For the six-module model, which was best supported in nine species, there was no clear relationship between magnitudes of integration and disparity (table 10). Whereas the modules with the lowest integration displayed the highest disparity in three of the studied species (i.e. A. gazella, C. ursinus and H. grypus), in other species, the lowest integration was found in the same module that showed the lowest disparity (A. australis, L. weddellii and P. groenlandicus). Similarly, in most cases, the most integrated modules only showed intermediate levels of disparity and vice-versa.

Overall, our results show a strong consistency in which modules were the most disparate or the most integrated. The modules with the highest disparity were concentrated in the anterior oral and molar regions, suggesting that diet (i.e. prey acquisition and processing) may be the strongest driver of shape change across these species.

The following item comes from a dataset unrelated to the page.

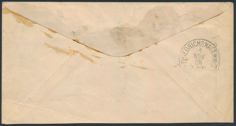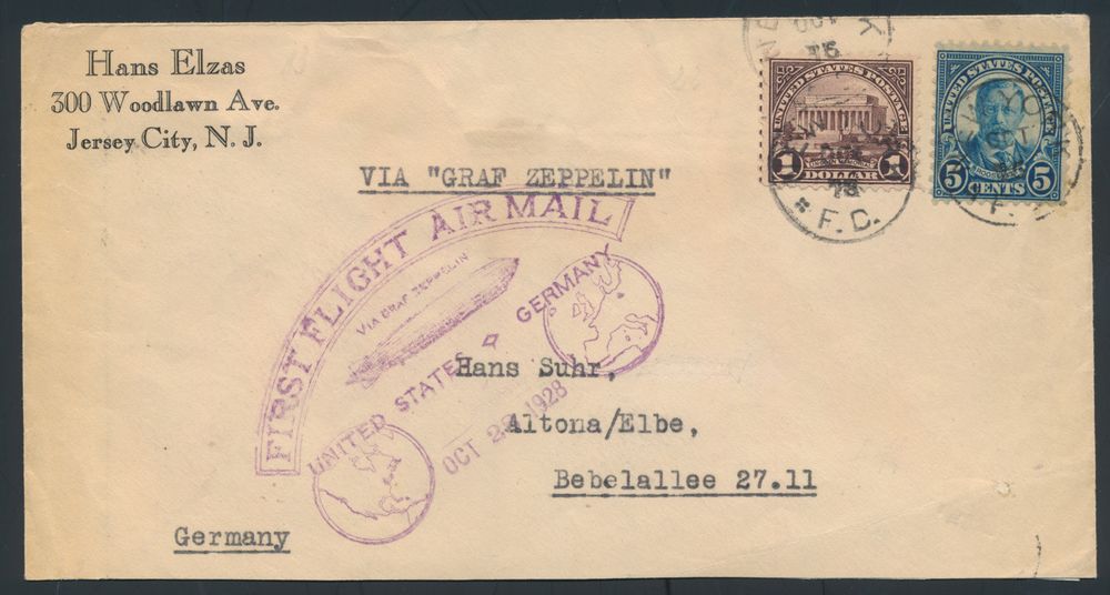 4376 image16.10.1928 N° 8Ac (Mi. Zeppelin Specialised), LZ 127 Amerikafahrt cover sent from New York to Altona, Germany and franked with $1 + 5c stamps, zeppelin flight cachet "First Flight Air Mail" in violet alongside, Friedrichshafen arrival c.d.s. on the back, vf(Image 1) (Image 2)

Interestingly, our results concerning the most integrated modules differ from a previous study of skull morphological integration across carnivoran species [27]. Whereas the vault and pterygoid were the modules with the highest level of integration here, Goswami [27] reported them to be relatively weakly integrated when compared with oral–nasal, molar and basicranial regions. Although this discrepancy could be a reflection of a difference in the number of landmarks collected and measures of integration between the two studies, it may also be suggestive of a shift in integration patterns which may be correlated with a major ecological transition. Whereas in this previous study [27], the focus was on fissiped (i.e. terrestrial) carnivoran species, here we focus only on the species which have gone through a secondary aquatic adaptation.

Finally, these results demonstrate that trait integration can have varying effects on trait evolvability and response to selection. Both theoretical and empirical evidence have recently started to accumulate on the dichotomous effect of strong trait integration in promoting but also constraining morphological change across a variety of taxa (albeit most empirical work has been done on tetrapod vertebrates) [2,8,11,12,15,16,28,29,66,68,72-75]. As discussed above, rather than having an uniform effect across structures and taxa, the consequences of high integration for macroevolution may depend more strongly on whether the main axis of shape covariation aligns with the direction of selection (i.e. the line of least resistance) [15,16] than on raw magnitude of integration itself.

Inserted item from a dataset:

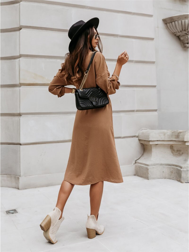 Dieses Kleid ist die ideale Wahl für modebewusste Frauen, die ein Outfit suchen, das sowohl für das Büro als auch für entspannte Treffen mit Freunden geeignet ist. Mit einem modernen Design und einer bequemen Passform wird es schnell zu einem unverzichtbaren Bestandteil Ihrer Garderobe.

Here, this absence of a straightforward relationship is highlighted by the diversity in relationships between magnitudes of morphological integration and disparity across a sample of closely related species. Furthermore, the results discussed here clearly demonstrate that patterns of modularity are themselves evolvable and responsive to selection, and repartitioning of modules may occur to accommodate strong selection for functional and morphological changes [1,27,76-81].

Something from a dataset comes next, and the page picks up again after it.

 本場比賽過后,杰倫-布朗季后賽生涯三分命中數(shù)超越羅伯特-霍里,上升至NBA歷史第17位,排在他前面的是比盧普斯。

In conclusion, we have shown that the patterns of cranial phenotypic modularity are not uniform across the three families of pinnipeds. Importantly, the variation in pattern of modularity may reflect differences in time since divergence of the extant members of Otariidae and Phocidae, or with the shift towards a more specialized aquatic niche and generally greater ecological diversity in phocids. Additionally, we have shown that there is no uniform relationship between magnitude of morphological integration and amount of disparity in individual modules both across and within pinniped families. Whereas there is no obvious correlation between those two variables for species that follow either the six-cluster or the functional models of modularity, there was a direct and positive correlation for those under the ‘face and neurocranium’ model. Finally, we suggest that the increased ecological specialization observed in phocids may have driven the multiple shifts in the pattern of cranial modularity that is otherwise conserved in most therian mammals, including the other pinniped clades.